Tourism and travel planning increasingly rely on digital assistance, yet existing multimodal AI systems often lack specialized knowledge and contextual understanding of urban environments. We present TraveLLaMA, a specialized multimodal language model designed for comprehensive travel assistance. Our work addresses the fundamental challenge of developing practical AI travel assistants through three key contributions: (1) TravelQA, a novel dataset of 265k question-answer pairs combining 160k text QA from authentic travel sources, 100k vision-language QA featuring maps and location imagery, and 5k expert-annotated Chain-of-Thought reasoning examples; (2) Travel-CoT, a structured reasoning framework that decomposes travel queries into spatial, temporal, and practical dimensions, improving answer accuracy by 10.8\% while providing interpretable decision paths; and (3) an interactive agent system validated through extensive user studies.
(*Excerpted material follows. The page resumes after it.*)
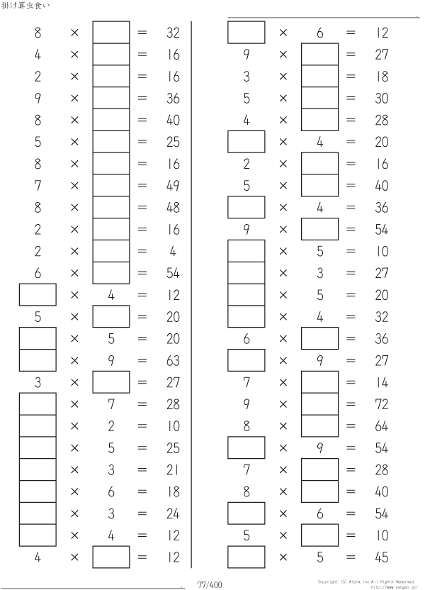 虫食い・1桁の掛け算 [問題]077/400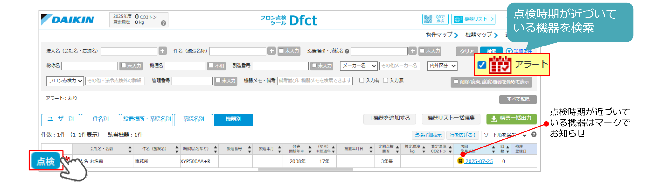 2 点検対象機器を検索して、「点検」をクリック

Through fine-tuning experiments on state-of-the-art vision-language models (LLaVA, Qwen-VL, Shikra), we achieve 6.2-9.4\% base improvements, further enhanced by Travel-CoT reasoning. Our model demonstrates superior capabilities in contextual travel recommendations, map interpretation, and scene understanding while providing practical information such as operating hours and cultural insights. User studies with 500 participants show TraveLLaMA achieves a System Usability Scale score of 82.5, significantly outperforming general-purpose models and establishing new standards for multimodal travel assistance systems.

Paper Structure

This paper contains 11 sections, 5 equations, 5 figures, 4 tables.

Figures (5)

  • Figure 1: TraveLLaMA, an advanced multimodal AI travel assistant that seamlessly processes both text and image-based queries. This powerful system enables travelers to plan trips efficiently by providing contextual responses including human service information, localization details, and personalized recommendations based on visual inputs and textual questions about destinations, sights, and restaurants.
  • Figure 2: The TravelQA dataset features iconic landmarks and destinations across major cities worldwide, connecting locations like San Francisco, New York, Paris, Rome, Berlin, Bangkok, Singapore, Shanghai, and Beijing through a global travel network.
  • Figure 3: TraveLLaMA's data construction and training process combines vision-language and text-based travel QA from diverse global sources through multi-round collection and fine-tuning.
  • Figure 4: TraveLLaMA uses a reasoning and acting process to create travel plans. When a user submits a text-image query, the system could do the reasoning process offline or online, analyzing both components, identifies locations, employs specialized tools through API calls, and generates detailed itineraries with budget calculations matching user requirements.
  • Figure 5: Comparison between TraveLLaMA and Claude 3.5 shows that TraveLLaMA provides more accurate and detailed travel information in these location-based examples.